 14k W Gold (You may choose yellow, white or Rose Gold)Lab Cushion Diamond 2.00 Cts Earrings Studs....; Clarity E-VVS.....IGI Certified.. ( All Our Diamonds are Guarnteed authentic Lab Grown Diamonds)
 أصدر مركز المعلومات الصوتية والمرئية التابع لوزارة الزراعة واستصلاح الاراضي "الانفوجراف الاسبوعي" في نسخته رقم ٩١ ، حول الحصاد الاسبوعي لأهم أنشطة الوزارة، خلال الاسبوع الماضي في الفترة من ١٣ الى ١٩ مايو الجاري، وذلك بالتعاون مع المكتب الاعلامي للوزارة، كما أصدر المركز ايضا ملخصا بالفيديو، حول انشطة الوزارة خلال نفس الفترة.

---

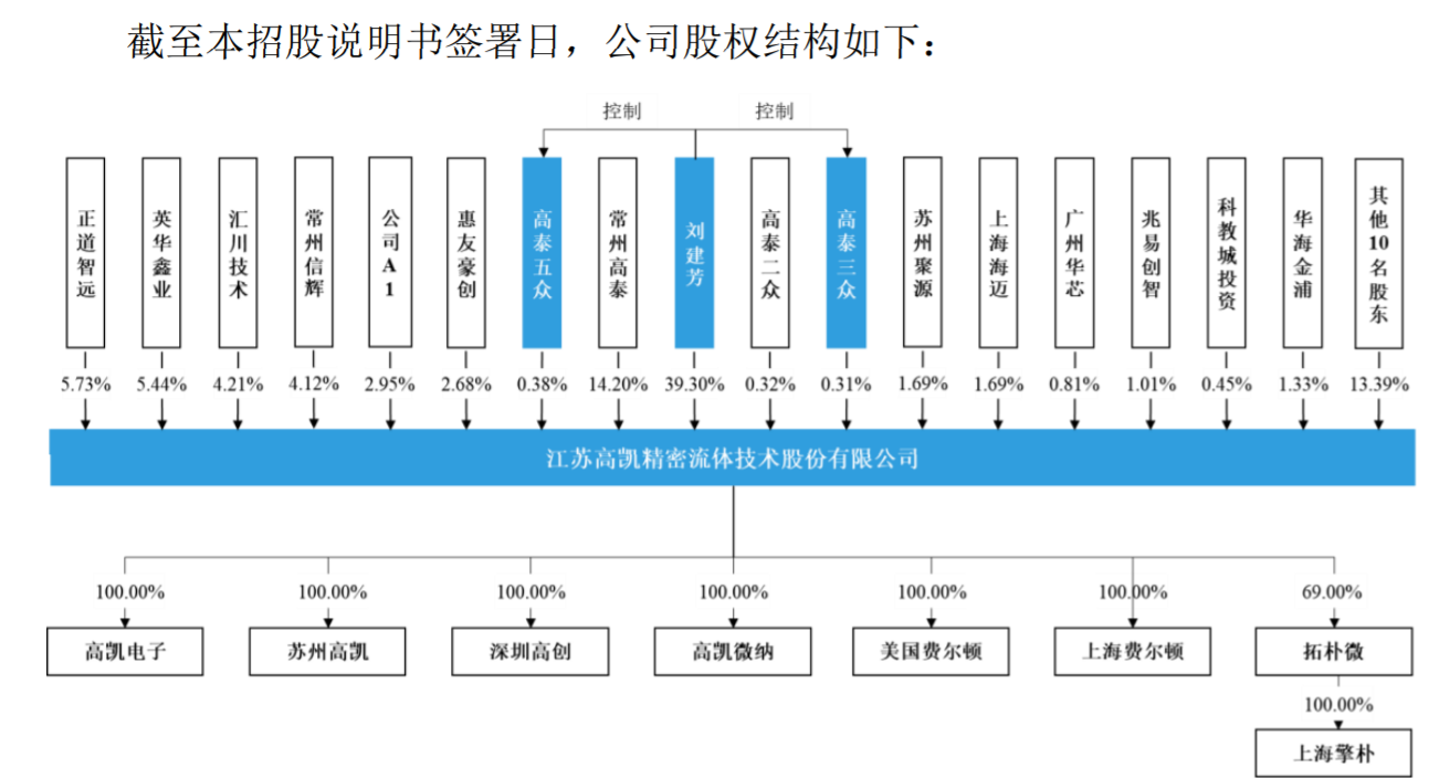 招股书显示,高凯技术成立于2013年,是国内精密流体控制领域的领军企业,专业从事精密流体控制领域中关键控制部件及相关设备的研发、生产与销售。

---

# Work required:
Of the lines above, retype only those from the line containing "14k W Gold (You" through the line containing "أصدر مركز المعلومات", including both, exactly.

# Reply to the task:
 14k W Gold (You may choose yellow, white or Rose Gold)Lab Cushion Diamond 2.00 Cts Earrings Studs....; Clarity E-VVS.....IGI Certified.. ( All Our Diamonds are Guarnteed authentic Lab Grown Diamonds)
 أصدر مركز المعلومات الصوتية والمرئية التابع لوزارة الزراعة واستصلاح الاراضي "الانفوجراف الاسبوعي" في نسخته رقم ٩١ ، حول الحصاد الاسبوعي لأهم أنشطة الوزارة، خلال الاسبوع الماضي في الفترة من ١٣ الى ١٩ مايو الجاري، وذلك بالتعاون مع المكتب الاعلامي للوزارة، كما أصدر المركز ايضا ملخصا بالفيديو، حول انشطة الوزارة خلال نفس الفترة.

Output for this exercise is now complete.